Egle prese la parola.

– Abbiamo letto che c’è una statua dedicata a Petrarca, qui al piano terra.

– È vero. Si trova là, in fondo alla sala.  

Bianca ed Egle si avvicinarono alla scultura monumentale e la guardarono da ogni lato. Non c’erano pertugi né aperture che potessero far pensare a un nascondiglio, inoltre quel luogo era decisamente troppo trafficato per poter essere preso in considerazione come posto segreto. L’insuccesso di quel tentativo le convinse che era necessario cambiare strategia, dirigersi in posti meno prevedibili e probabilmente più ragionati. Decisero di ricominciare da capo, senza sapere quale fosse l’inizio. Prima di allontanarsi dal busto, Egle lo scrutò con aria sbigottita, mostrando un’espressione quasi confidenziale. 

– Guarda te chi dovevo avere per parente – disse piano.

Bianca si mise a ridere.

– Poteva andarti peggio.

Tornarono vicino ad Ester, rimasta nella zona centrale. Chissà, forse lei avrebbe potuto fornire qualche informazione, consentendo loro di svoltare nella ricerca.

Egle la guardò con aria interrogativa.

– Se lei volesse nascondere qualcosa qui dentro, dove la metterebbe?

La donna si fermò a pensare.

– Beh… – disse dopo un po’- questo è un luogo antico e come tutti i posti che hanno una grande storia, è pieno di pertugi.

– Allora?

– Un attimo, fatemi pensare.

Dopo qualche secondo, dette il suo responso.

– In uno dei forzieri della Zecca, probabilmente sceglierei quello come nascondiglio. Sono scrigni antichi in cui veniva custodito il tesoro dello Stato.
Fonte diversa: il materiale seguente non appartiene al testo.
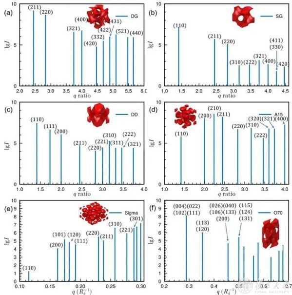 六种典型有序相的散射行为。(a)双连续Gyroid;(b)单连续Gyroid;(c)双连续Diamond;(d)A15;(e)σ;(f)Ο70。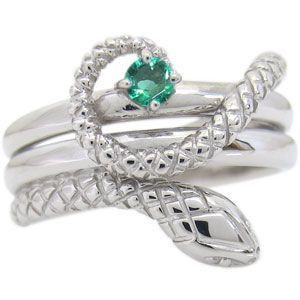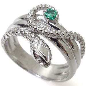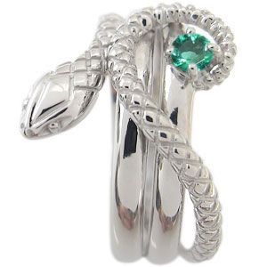 スネーク 18金 エメラルド ヘビ リング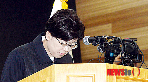 【서울=뉴시스】강진형 기자 = 최연혜 한국철도공사 사장이 10일 오전 서울 용산구 동자동 코레일 서울본부에서 수서발 KTX 법인화 관련 임시 이사회 결과 발표를 마친 뒤 인사하고 있다. 이날 열린 임시 이사회에서 12명의 코레일 이사가 참석한 가운데 ‘수서 고속철도 주식회사 설립 및 출자계획’을 전원동의로 의결했다. 2013.12.10.

Al momento sono esposti solo come testimonianza della storica attività e sono perennemente chiusi. Mi sembrerebbe un posto sicuro.

– Dove si trovano?

– Al primo piano, venite.

Si avviarono verso le scale e cominciarono a salire.
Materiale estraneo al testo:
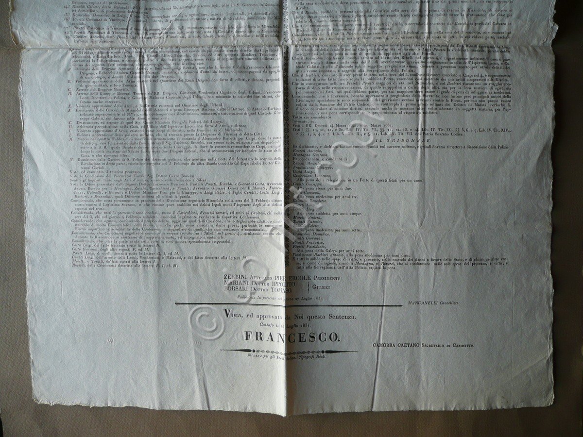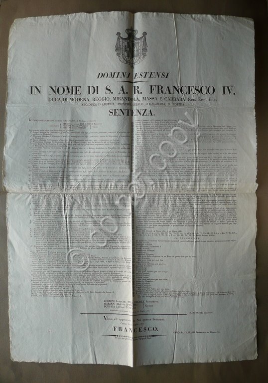 Sentenza, Dominj Estensi In nome di S. A. R. Francesco IV Duca di Modena, Reggio, Mirandola, Massa e Carrara, Ecc. ecc. ecc. [.] Il tribunale Statario residente nella Cittadella di Modena, e composto da [.] Si è riunito nella solita sua Residenza per giudicare [.] Ritenuti complici della Rivoluzione avvenuta nella Città di Mirandola contro il Legittimo Sovrano Estense nella sera del 3 febbrajo ultimo scorso circa le sette e mezza pomeridiane, coll'essersi da più bande armate dirette dai Capi Ribelli [.] Ed altri spiegata la Bandiera Tricolore, e proclamata la Indipendenza [.]" Per gli Eredi Soliani Tipografi Reali, Modena 1831, margini alla forma, testo due colonne, bello stemma Estense inciso. A causa delle grandi dimensioni la sentenza è composta da due fogli applicati al retro. Cm 86x61,5. Condizioni di conservazione Esemplare ben conservato con leggere tracce d'uso, normali pieghe di conservazione. Interessantissima sentenza emessa nei confronti dei partecipanti ai Moti avvenuti a Mirandola nel 1831, sull'onda di quelli di Modena. Sono presenti le descrizioni dei fatti, i nomi degli imputati, il processo e le condanne. Tra gli imputati vi sono Francalanza, Cavicchioni, Ceretti Giuseppe (scrittore), Costa, Golinelli, Ceretti Luigi, Pivetti, Moretti, Tosatti, Barbieri, ecc. Esemplare pressoché in ottimo stato di conservazione. SC03.D9566 N F "

– Com’è suggestivo – commentò Bianca guardando il soffitto sopra i gradini.

Ester fu felice di spiegare, ancora una volta, il significato di quell’ascesa. Dentro di sé sorrise per la circostanza in cui si trovava a farlo: mai avrebbe pensato di portare qualcuno a giro a quell’ora, l’ultimo giorno del suo mandato lavorativo.
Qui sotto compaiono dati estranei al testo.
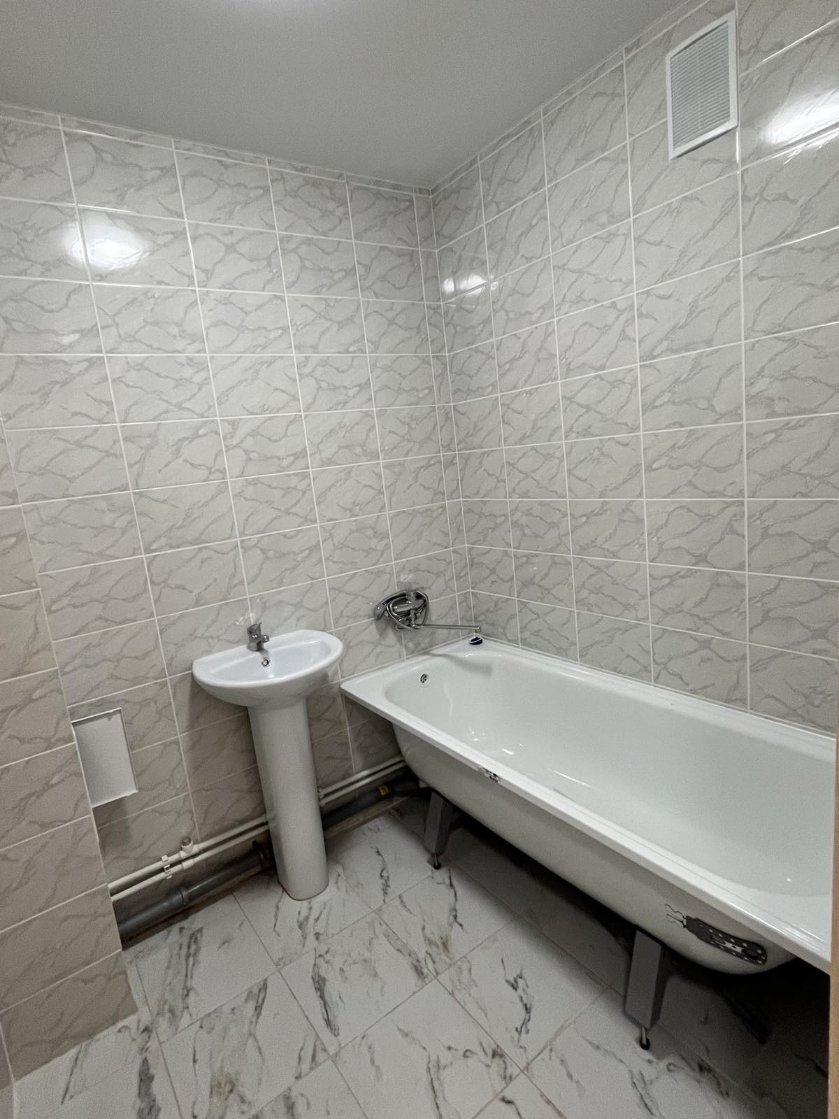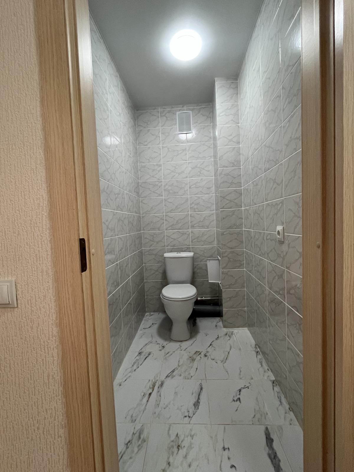 Раздeльный с/у, отдeлан свeтлoй плиткой под мрамор

– Le rappresentazioni degli stucchi simboleggiano un percorso interiore – disse con estrema professionalità – il viaggio di ogni individuo che sia animato dalla virtù. All’inizio l’uomo è condizionato dai pianeti e dagli elementi, man mano che sale perde l’attaccamento terreno e si avvicina alla conoscenza.

– Speriamo che sia di buon auspicio anche per noi – commentò Bianca.

Arrivarono nell’atrio al primo piano e si immisero in un corridoio che girava lungo le pareti della Sala Prestiti, in cui si trovavano poco prima.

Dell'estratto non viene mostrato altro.